■ What to produce: Starting at the line that contains "Party bez chlebíčků", write out every line through the end of the records below exactly as it appears, and leave out all pictures.

■ Stored data:
---------------
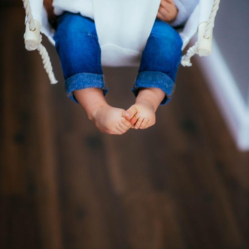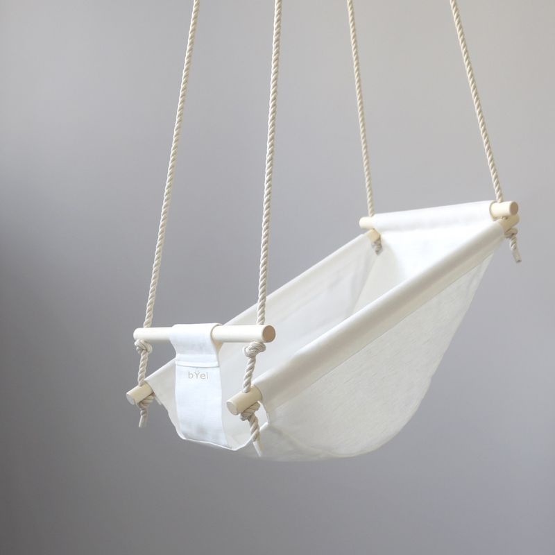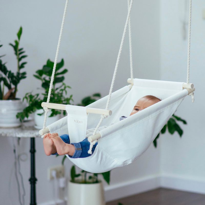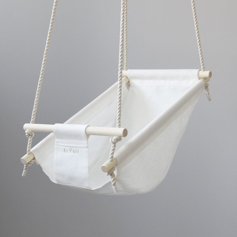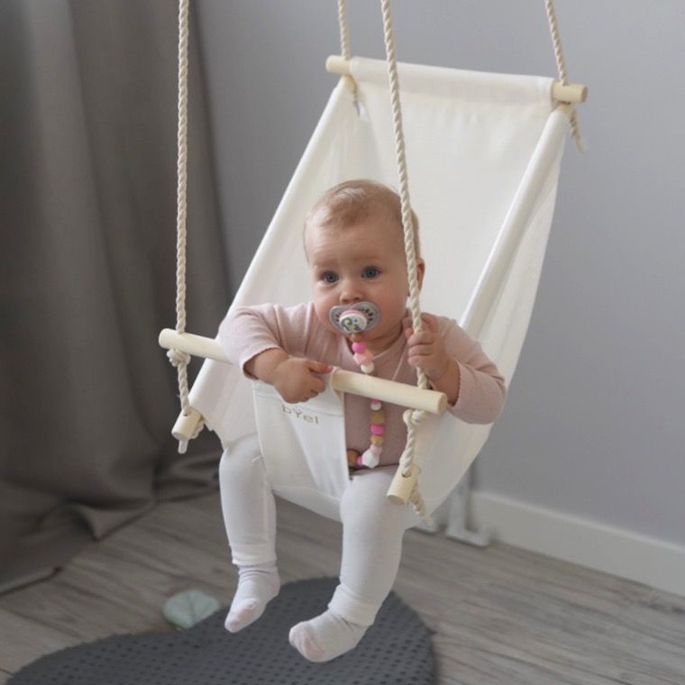 Byel Basic natural indoor baby swing chair. Linen nursery decore, baby indoor fun
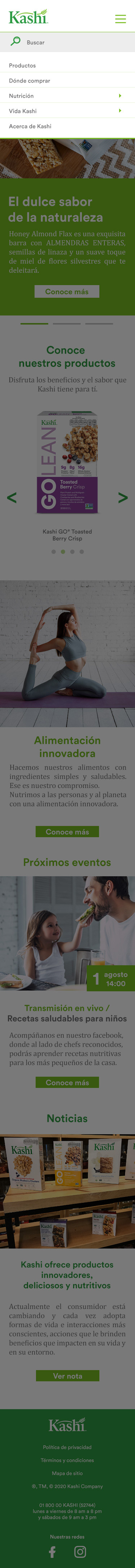 Rediseño del sitio web Kashi (Kellogg's), se buscó en todo momento reflejar la identidad visual de Kashi para ir acorde a su línea saludable de cereales y barras.
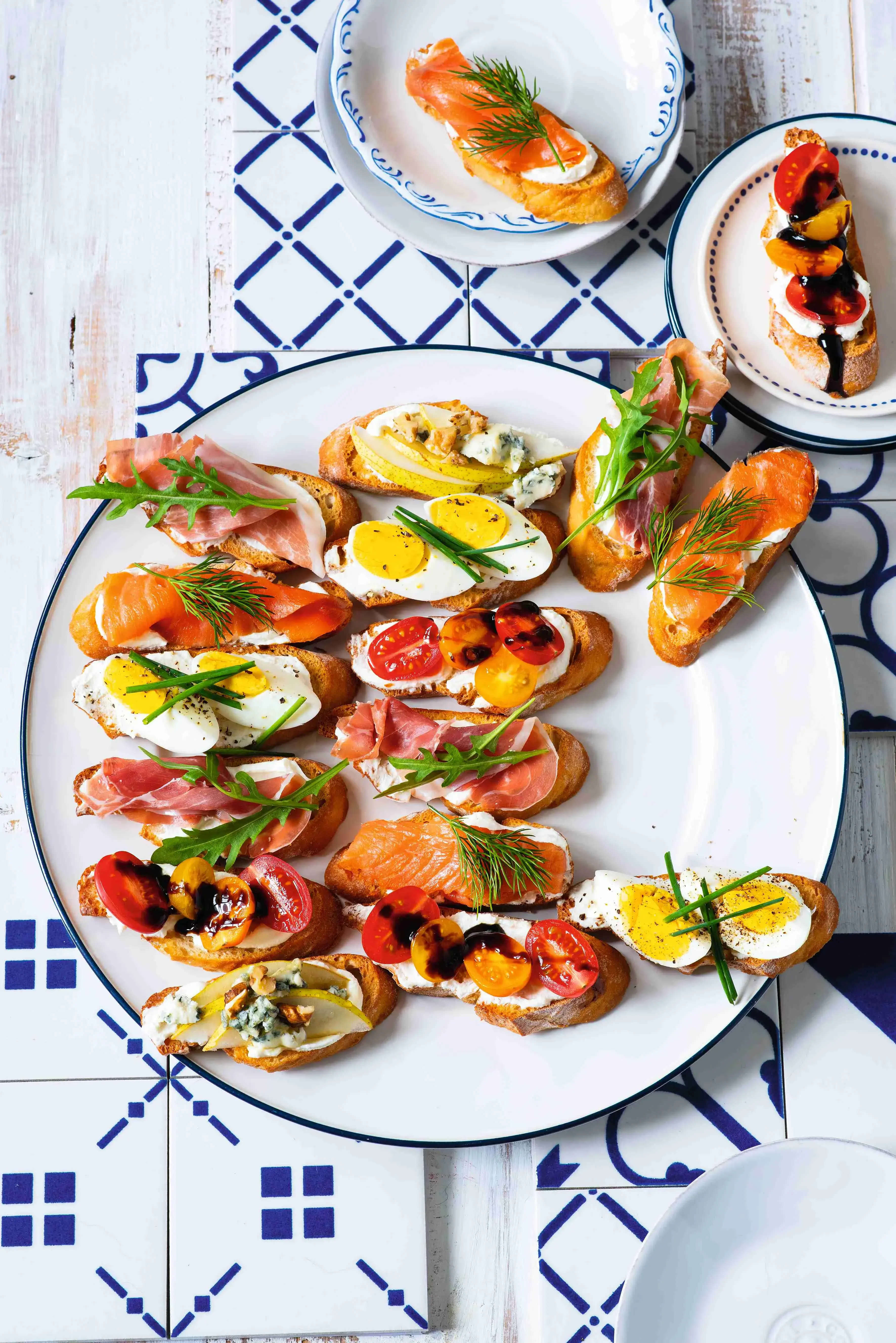 Party bez chlebíčků a jednohubek? Nikdy! Čím barevnější a chuťově pestřejší, tím lépe. Naše crostini zadání splňují na výbornou. Základní pomazánka z ricotty a krémového sýra je chuťově jemné, takže je skvělým podkladem pro výraznější ingredience.
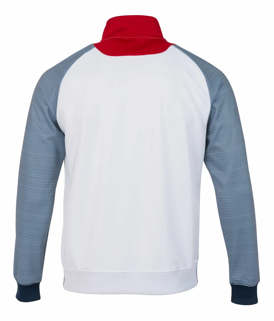 Full zip, ribbed cuffs and waistband for comfort and fit. Sublimation pin stripes on the sleeves and body.
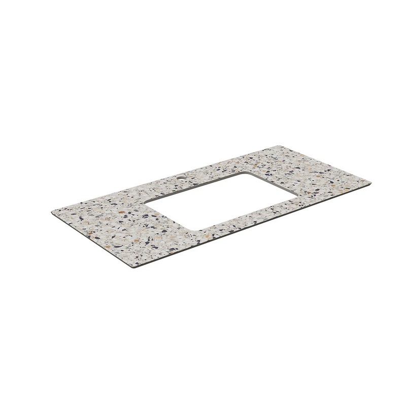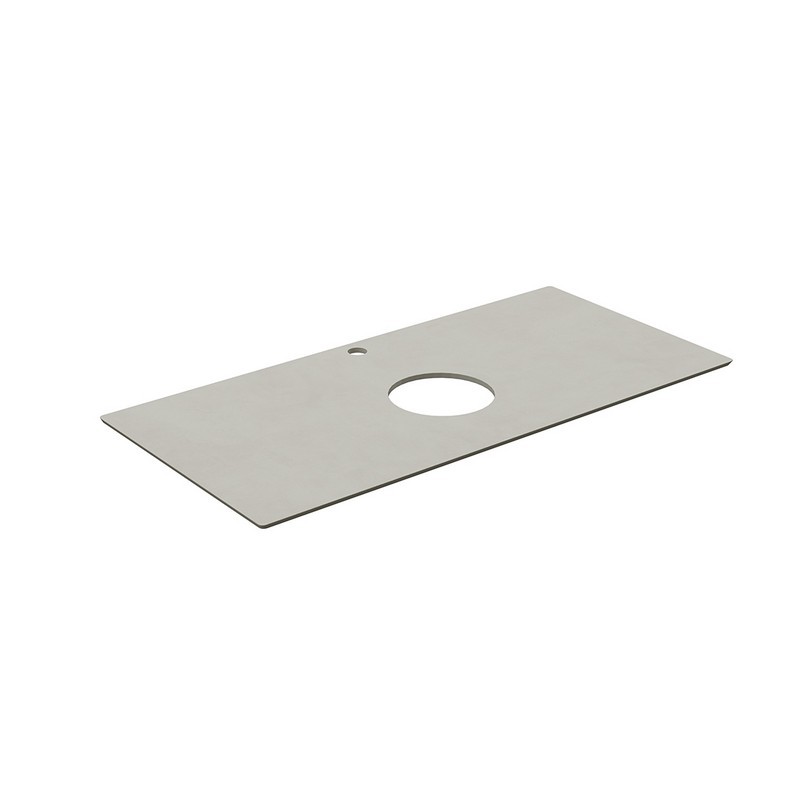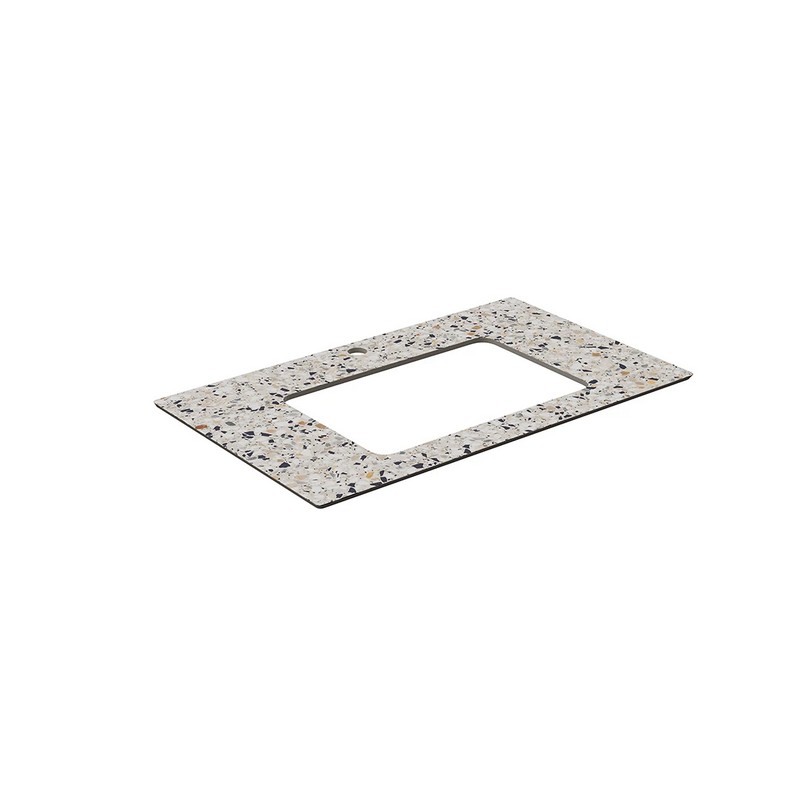 Столешница из керамического гранита Монте Тиберио с отверстием под смеситель. Предназначена для использования с накладными раковинами АртБейзинс и тумбами серии Плаза Модерн и Плаза Некст. Отверстия для раковины и смесителя располагаются в центре. Смеситель устанавливается в столешницу (используйте смесители с подходящим типом установки)
---------------
■ Output for this task:
 Party bez chlebíčků a jednohubek? Nikdy! Čím barevnější a chuťově pestřejší, tím lépe. Naše crostini zadání splňují na výbornou. Základní pomazánka z ricotty a krémového sýra je chuťově jemné, takže je skvělým podkladem pro výraznější ingredience.
 Full zip, ribbed cuffs and waistband for comfort and fit. Sublimation pin stripes on the sleeves and body.
 Столешница из керамического гранита Монте Тиберио с отверстием под смеситель. Предназначена для использования с накладными раковинами АртБейзинс и тумбами серии Плаза Модерн и Плаза Некст. Отверстия для раковины и смесителя располагаются в центре. Смеситель устанавливается в столешницу (используйте смесители с подходящим типом установки)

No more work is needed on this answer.